Look girls, I am not here saying my babies are horrible or anything like that but being a young mother is the hardest thing that you will EVER do. And if you become pregnant remember it IS okay to be scared.

Sara






changed my life

im 15 and pregnant i was 12 weeks when i found out . my babydaddy is not there hes embarassed of being seen in public with me, he doesnt want anyone knowing hes going to be a dad so i have to be a single mom so far i am 19 weeks and still he is not around. it changed my life and took my singing career away now i am here alone being a single mom with family support and none from him. it wasnt long till i knew he would not change & he would never be around

kristelinaa






Here and Gone

I was only17 when i found out i was pregnant.
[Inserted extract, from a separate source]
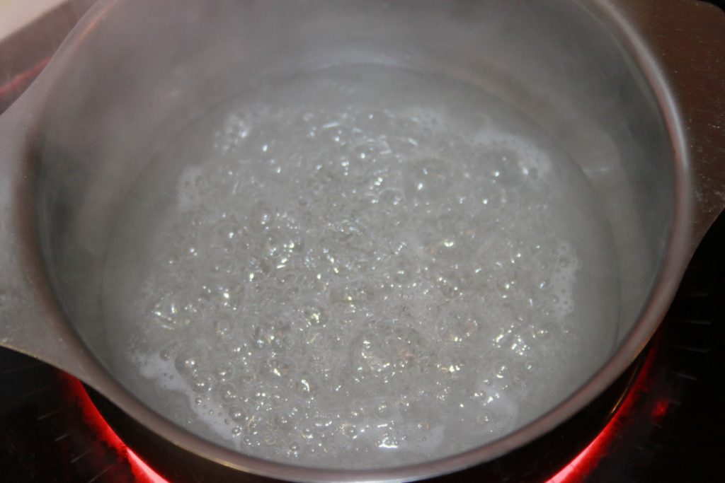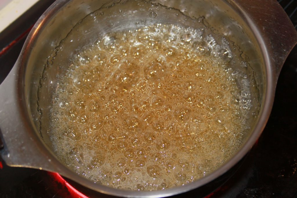 Mettre le sucre dans une casserole avec un peu d’eau (30g) et porter à ébullition.

I did not get a pregnancy test done right away because i could just tell. I told the babys father and he was as happy as could be. I finally took a pregnancy test and it came back positive. So i ended up telling my mom and she had me go to the doctor. when they took me in for my first ultra sound that is when it all went down hill. They were sitting there for 10 minutes to find my baby. Which they should have seen cause i was already 2 months pregnant. Comes to find out when i was bleeding a week before and i thought it was normal because my mom bleed with me in her first trimester comes to find out i miscarried. Me and my boyfriend of 2 years on and off were deviated. But we named her Shauna Marie after my dead sister. For all you teen moms out there you may have hard times but just remember your baby is a miracle and you are lucky to have them.